How Toshiba's High-Volume Production Made NAND Flash Affordable
Toshiba's 1992 shipment of mass-produced 4Mb NAND flash chips marked the turning point where the technology stopped being a lab achievement and started becoming a commercial reality. That year, annual flash chip revenue hit $295 million, confirming that volume manufacturing could drive real commercial demand.
Toshiba had already verified NAND flash operation in 1991 and begun developing both 4Mb and 16Mb chips, giving the company early market dominance before competitors could react. By scaling production rapidly, Toshiba converted its engineering breakthroughs into competitive technology advantages that rivals struggled to match.
High-volume output lowered per-unit costs, making NAND flash accessible beyond niche applications and positioning it as a viable storage solution across a growing range of consumer and enterprise products. Toshiba further demonstrated its commitment to advancing storage technology by launching eMMC NAND and the first SATA SSD in 2007, expanding NAND flash into embedded and high-performance computing markets.
In July, Toshiba announced a 30% production cut for NAND flash, a decision that drew scrutiny but ultimately coincided with spot prices rising nearly 20% within two weeks of the announcement.
The Toshiba Manufacturing Bets That Kept NAND Flash Costs Falling
Keeping NAND flash costs falling required Toshiba to make a series of bold manufacturing bets, each one compounding the last.

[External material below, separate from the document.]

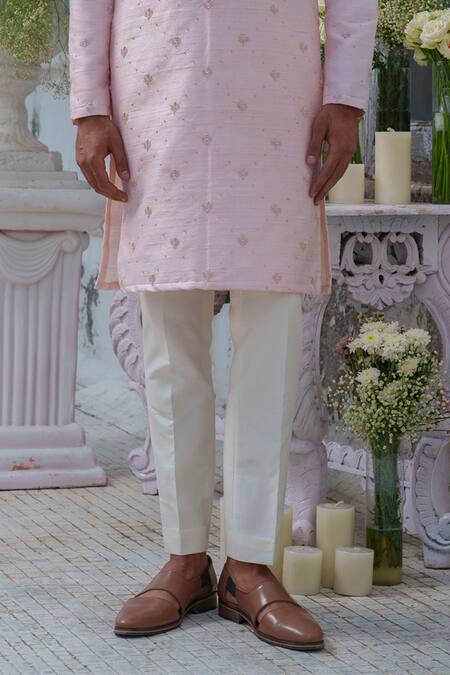Pink kurta featuring cutdana, bead, and thread embroidery in a floral pattern. Paired with ivory cotton silk trouser.

Joint venture strategies with SanDisk anchored these efforts. In 2008, Toshiba paid $1 billion for 30% of SanDisk's co-op production, locking in shared capacity expansion efforts. The result? By 2011, NAND shipments hit 8X more gigabytes than DRAM.

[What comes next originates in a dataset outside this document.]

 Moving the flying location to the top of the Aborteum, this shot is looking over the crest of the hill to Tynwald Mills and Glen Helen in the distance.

Picture these three bets stacking like floors on a skyscraper:
- 19nm process nodes shrinking dies to 170mm² for 128Gb chips
- Shared fabs slashing per-unit costs through optimized production runs
- Multi-bit cells doubling density without proportional size increases
Each decision built on the previous one, transforming NAND from a premium technology into an affordable, high-volume commodity you find in nearly every device today. Toshiba introduced 3D NAND flash in 2007, a landmark milestone that further accelerated density gains and cost reductions across the industry. Flash memory's capacity and price improvements have consistently surpassed Moore's Law expectations, enabling continuous innovation across mobile devices and smartphones.
Why Kioxia Still Leads NAND Flash Innovation Today
Those manufacturing bets paid off so well that Toshiba's NAND division eventually became its own company—Kioxia—and it's still setting the pace for the entire industry. You can see this leadership in its BiCS8 technology, now stacking 218 layers, with BiCS10 pushing beyond 332 layers for AI and hyperscale storage.

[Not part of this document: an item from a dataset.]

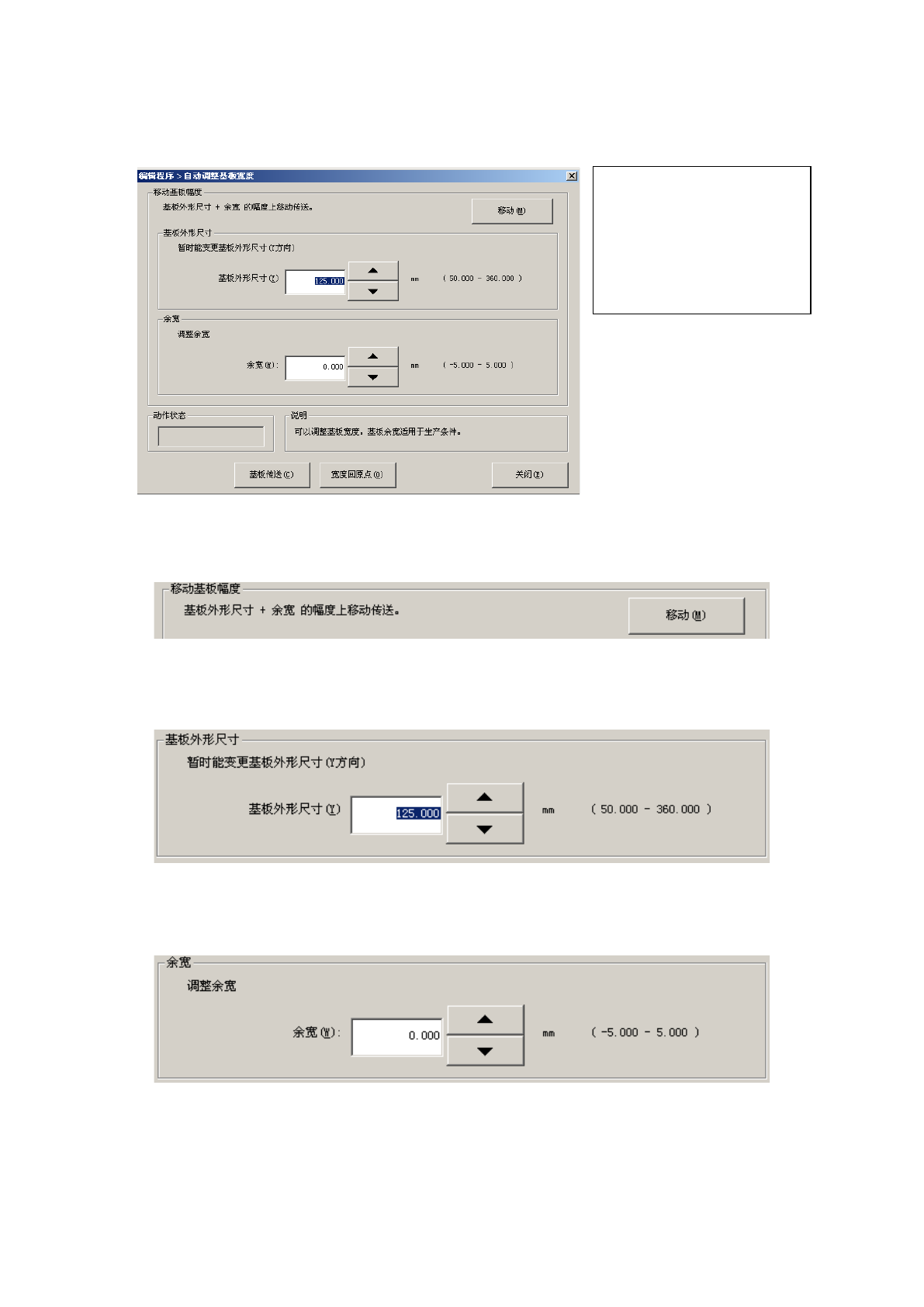 将传送宽度向基板外形尺寸+余宽的位置移动。运行时传送宽度值适用以下项目设定值。

Its CBA architecture drives real NAND flash power efficiency gains and NAND flash reliability advancements that hyperscale data centers actually depend on. Kioxia holds roughly 15,000 patents worldwide and earned recognition in Clarivate's Top 100 Global Innovators for 2026. It's partnering with NVIDIA on next-generation SSDs targeting 100 million IOPS—nearly 100 times faster than today's models. That's not momentum from the past; that's Kioxia actively defining what flash memory becomes next.
Kioxia's 2026 production capacity is already fully sold out, driven by surging AI demand, with supply-demand imbalance expected to persist through 2027. Alongside its longtime partner SanDisk, Kioxia operates what are considered the world's largest NAND flash production sites in Japan, a shared infrastructure built over 25 years of joint development and manufacturing investment.